Task statement: Write out the entire listing exactly, so that each line matches the original.

Raw data:
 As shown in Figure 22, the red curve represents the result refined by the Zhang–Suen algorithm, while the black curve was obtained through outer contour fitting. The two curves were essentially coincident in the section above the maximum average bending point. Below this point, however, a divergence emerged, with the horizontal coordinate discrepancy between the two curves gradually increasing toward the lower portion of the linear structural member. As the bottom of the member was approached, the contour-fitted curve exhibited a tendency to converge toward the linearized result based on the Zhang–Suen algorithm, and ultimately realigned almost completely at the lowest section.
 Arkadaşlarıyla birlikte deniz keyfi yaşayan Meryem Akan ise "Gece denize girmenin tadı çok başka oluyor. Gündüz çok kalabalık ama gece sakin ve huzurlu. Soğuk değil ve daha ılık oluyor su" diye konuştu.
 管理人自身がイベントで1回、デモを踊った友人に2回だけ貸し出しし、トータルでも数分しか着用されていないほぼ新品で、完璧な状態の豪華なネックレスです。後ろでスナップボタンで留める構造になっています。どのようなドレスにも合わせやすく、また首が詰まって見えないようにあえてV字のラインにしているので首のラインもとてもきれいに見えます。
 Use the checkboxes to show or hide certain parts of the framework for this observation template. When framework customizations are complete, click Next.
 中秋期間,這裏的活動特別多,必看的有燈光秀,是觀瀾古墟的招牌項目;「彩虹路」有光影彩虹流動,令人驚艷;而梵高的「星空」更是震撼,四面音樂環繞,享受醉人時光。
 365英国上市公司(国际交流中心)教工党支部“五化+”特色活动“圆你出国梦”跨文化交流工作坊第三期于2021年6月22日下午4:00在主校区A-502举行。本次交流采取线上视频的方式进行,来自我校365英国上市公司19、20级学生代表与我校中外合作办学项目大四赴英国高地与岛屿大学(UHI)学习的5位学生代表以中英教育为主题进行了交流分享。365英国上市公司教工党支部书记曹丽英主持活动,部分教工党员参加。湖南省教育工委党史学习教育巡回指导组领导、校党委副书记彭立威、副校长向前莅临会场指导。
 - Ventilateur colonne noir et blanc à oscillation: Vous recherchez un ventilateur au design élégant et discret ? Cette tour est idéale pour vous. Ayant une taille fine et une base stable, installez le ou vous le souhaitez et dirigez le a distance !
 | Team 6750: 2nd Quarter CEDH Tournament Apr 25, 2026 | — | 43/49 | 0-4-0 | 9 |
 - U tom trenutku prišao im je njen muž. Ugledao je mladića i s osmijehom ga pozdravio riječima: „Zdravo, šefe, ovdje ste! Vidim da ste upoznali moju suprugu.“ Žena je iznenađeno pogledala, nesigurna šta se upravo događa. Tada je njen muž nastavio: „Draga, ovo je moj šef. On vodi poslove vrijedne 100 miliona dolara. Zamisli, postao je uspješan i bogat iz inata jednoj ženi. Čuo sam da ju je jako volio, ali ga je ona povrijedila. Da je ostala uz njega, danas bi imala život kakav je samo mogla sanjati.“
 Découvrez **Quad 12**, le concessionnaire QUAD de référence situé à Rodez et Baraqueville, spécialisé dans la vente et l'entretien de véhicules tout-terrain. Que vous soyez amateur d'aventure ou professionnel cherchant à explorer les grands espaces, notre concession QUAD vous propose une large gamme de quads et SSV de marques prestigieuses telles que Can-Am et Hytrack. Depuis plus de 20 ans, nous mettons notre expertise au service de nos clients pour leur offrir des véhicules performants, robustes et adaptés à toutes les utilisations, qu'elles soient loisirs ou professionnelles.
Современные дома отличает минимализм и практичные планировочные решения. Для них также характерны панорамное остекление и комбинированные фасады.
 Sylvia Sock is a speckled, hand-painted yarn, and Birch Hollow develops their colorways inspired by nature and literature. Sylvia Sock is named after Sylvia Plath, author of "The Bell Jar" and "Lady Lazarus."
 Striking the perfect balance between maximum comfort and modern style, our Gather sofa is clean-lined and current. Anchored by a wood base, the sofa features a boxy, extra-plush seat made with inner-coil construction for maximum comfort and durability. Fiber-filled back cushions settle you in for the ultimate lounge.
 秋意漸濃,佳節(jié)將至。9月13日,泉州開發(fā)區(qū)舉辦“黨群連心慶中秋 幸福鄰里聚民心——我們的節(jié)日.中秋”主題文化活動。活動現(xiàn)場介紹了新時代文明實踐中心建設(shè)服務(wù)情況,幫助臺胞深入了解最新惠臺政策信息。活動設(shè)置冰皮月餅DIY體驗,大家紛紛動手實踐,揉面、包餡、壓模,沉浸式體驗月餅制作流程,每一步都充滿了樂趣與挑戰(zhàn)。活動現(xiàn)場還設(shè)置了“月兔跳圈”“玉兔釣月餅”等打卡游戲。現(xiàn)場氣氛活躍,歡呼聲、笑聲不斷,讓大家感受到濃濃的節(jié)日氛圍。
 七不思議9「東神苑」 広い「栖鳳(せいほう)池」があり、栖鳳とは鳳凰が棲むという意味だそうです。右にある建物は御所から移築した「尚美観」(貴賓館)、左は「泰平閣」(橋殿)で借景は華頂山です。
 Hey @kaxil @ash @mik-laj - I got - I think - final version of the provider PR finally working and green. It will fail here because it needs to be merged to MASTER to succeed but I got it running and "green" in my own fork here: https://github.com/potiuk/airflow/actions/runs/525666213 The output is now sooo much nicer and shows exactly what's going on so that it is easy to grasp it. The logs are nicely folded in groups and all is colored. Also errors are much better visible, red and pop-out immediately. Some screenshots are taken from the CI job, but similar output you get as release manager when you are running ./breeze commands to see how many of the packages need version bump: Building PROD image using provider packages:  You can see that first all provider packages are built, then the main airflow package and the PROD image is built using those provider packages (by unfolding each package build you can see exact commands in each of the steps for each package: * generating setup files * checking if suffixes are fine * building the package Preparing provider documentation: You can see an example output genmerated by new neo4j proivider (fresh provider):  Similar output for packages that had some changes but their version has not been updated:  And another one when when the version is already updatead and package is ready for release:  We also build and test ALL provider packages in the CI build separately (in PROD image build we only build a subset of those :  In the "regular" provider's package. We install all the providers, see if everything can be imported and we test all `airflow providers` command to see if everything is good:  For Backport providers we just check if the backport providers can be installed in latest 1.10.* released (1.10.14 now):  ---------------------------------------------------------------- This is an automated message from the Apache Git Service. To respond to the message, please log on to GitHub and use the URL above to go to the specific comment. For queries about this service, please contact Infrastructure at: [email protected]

Task solution:
 As shown in Figure 22, the red curve represents the result refined by the Zhang–Suen algorithm, while the black curve was obtained through outer contour fitting. The two curves were essentially coincident in the section above the maximum average bending point. Below this point, however, a divergence emerged, with the horizontal coordinate discrepancy between the two curves gradually increasing toward the lower portion of the linear structural member. As the bottom of the member was approached, the contour-fitted curve exhibited a tendency to converge toward the linearized result based on the Zhang–Suen algorithm, and ultimately realigned almost completely at the lowest section.
 Arkadaşlarıyla birlikte deniz keyfi yaşayan Meryem Akan ise "Gece denize girmenin tadı çok başka oluyor. Gündüz çok kalabalık ama gece sakin ve huzurlu. Soğuk değil ve daha ılık oluyor su" diye konuştu.
 管理人自身がイベントで1回、デモを踊った友人に2回だけ貸し出しし、トータルでも数分しか着用されていないほぼ新品で、完璧な状態の豪華なネックレスです。後ろでスナップボタンで留める構造になっています。どのようなドレスにも合わせやすく、また首が詰まって見えないようにあえてV字のラインにしているので首のラインもとてもきれいに見えます。
 Use the checkboxes to show or hide certain parts of the framework for this observation template. When framework customizations are complete, click Next.
 中秋期間,這裏的活動特別多,必看的有燈光秀,是觀瀾古墟的招牌項目;「彩虹路」有光影彩虹流動,令人驚艷;而梵高的「星空」更是震撼,四面音樂環繞,享受醉人時光。
 365英国上市公司(国际交流中心)教工党支部“五化+”特色活动“圆你出国梦”跨文化交流工作坊第三期于2021年6月22日下午4:00在主校区A-502举行。本次交流采取线上视频的方式进行,来自我校365英国上市公司19、20级学生代表与我校中外合作办学项目大四赴英国高地与岛屿大学(UHI)学习的5位学生代表以中英教育为主题进行了交流分享。365英国上市公司教工党支部书记曹丽英主持活动,部分教工党员参加。湖南省教育工委党史学习教育巡回指导组领导、校党委副书记彭立威、副校长向前莅临会场指导。
 - Ventilateur colonne noir et blanc à oscillation: Vous recherchez un ventilateur au design élégant et discret ? Cette tour est idéale pour vous. Ayant une taille fine et une base stable, installez le ou vous le souhaitez et dirigez le a distance !
 | Team 6750: 2nd Quarter CEDH Tournament Apr 25, 2026 | — | 43/49 | 0-4-0 | 9 |
 - U tom trenutku prišao im je njen muž. Ugledao je mladića i s osmijehom ga pozdravio riječima: „Zdravo, šefe, ovdje ste! Vidim da ste upoznali moju suprugu.“ Žena je iznenađeno pogledala, nesigurna šta se upravo događa. Tada je njen muž nastavio: „Draga, ovo je moj šef. On vodi poslove vrijedne 100 miliona dolara. Zamisli, postao je uspješan i bogat iz inata jednoj ženi. Čuo sam da ju je jako volio, ali ga je ona povrijedila. Da je ostala uz njega, danas bi imala život kakav je samo mogla sanjati.“
 Découvrez **Quad 12**, le concessionnaire QUAD de référence situé à Rodez et Baraqueville, spécialisé dans la vente et l'entretien de véhicules tout-terrain. Que vous soyez amateur d'aventure ou professionnel cherchant à explorer les grands espaces, notre concession QUAD vous propose une large gamme de quads et SSV de marques prestigieuses telles que Can-Am et Hytrack. Depuis plus de 20 ans, nous mettons notre expertise au service de nos clients pour leur offrir des véhicules performants, robustes et adaptés à toutes les utilisations, qu'elles soient loisirs ou professionnelles.
Современные дома отличает минимализм и практичные планировочные решения. Для них также характерны панорамное остекление и комбинированные фасады.
 Sylvia Sock is a speckled, hand-painted yarn, and Birch Hollow develops their colorways inspired by nature and literature. Sylvia Sock is named after Sylvia Plath, author of "The Bell Jar" and "Lady Lazarus."
 Striking the perfect balance between maximum comfort and modern style, our Gather sofa is clean-lined and current. Anchored by a wood base, the sofa features a boxy, extra-plush seat made with inner-coil construction for maximum comfort and durability. Fiber-filled back cushions settle you in for the ultimate lounge.
 秋意漸濃,佳節(jié)將至。9月13日,泉州開發(fā)區(qū)舉辦“黨群連心慶中秋 幸福鄰里聚民心——我們的節(jié)日.中秋”主題文化活動。活動現(xiàn)場介紹了新時代文明實踐中心建設(shè)服務(wù)情況,幫助臺胞深入了解最新惠臺政策信息。活動設(shè)置冰皮月餅DIY體驗,大家紛紛動手實踐,揉面、包餡、壓模,沉浸式體驗月餅制作流程,每一步都充滿了樂趣與挑戰(zhàn)。活動現(xiàn)場還設(shè)置了“月兔跳圈”“玉兔釣月餅”等打卡游戲。現(xiàn)場氣氛活躍,歡呼聲、笑聲不斷,讓大家感受到濃濃的節(jié)日氛圍。
 七不思議9「東神苑」 広い「栖鳳(せいほう)池」があり、栖鳳とは鳳凰が棲むという意味だそうです。右にある建物は御所から移築した「尚美観」(貴賓館)、左は「泰平閣」(橋殿)で借景は華頂山です。
 Hey @kaxil @ash @mik-laj - I got - I think - final version of the provider PR finally working and green. It will fail here because it needs to be merged to MASTER to succeed but I got it running and "green" in my own fork here: https://github.com/potiuk/airflow/actions/runs/525666213 The output is now sooo much nicer and shows exactly what's going on so that it is easy to grasp it. The logs are nicely folded in groups and all is colored. Also errors are much better visible, red and pop-out immediately. Some screenshots are taken from the CI job, but similar output you get as release manager when you are running ./breeze commands to see how many of the packages need version bump: Building PROD image using provider packages:  You can see that first all provider packages are built, then the main airflow package and the PROD image is built using those provider packages (by unfolding each package build you can see exact commands in each of the steps for each package: * generating setup files * checking if suffixes are fine * building the package Preparing provider documentation: You can see an example output genmerated by new neo4j proivider (fresh provider):  Similar output for packages that had some changes but their version has not been updated:  And another one when when the version is already updatead and package is ready for release:  We also build and test ALL provider packages in the CI build separately (in PROD image build we only build a subset of those :  In the "regular" provider's package. We install all the providers, see if everything can be imported and we test all `airflow providers` command to see if everything is good:  For Backport providers we just check if the backport providers can be installed in latest 1.10.* released (1.10.14 now):  ---------------------------------------------------------------- This is an automated message from the Apache Git Service. To respond to the message, please log on to GitHub and use the URL above to go to the specific comment. For queries about this service, please contact Infrastructure at: [email protected]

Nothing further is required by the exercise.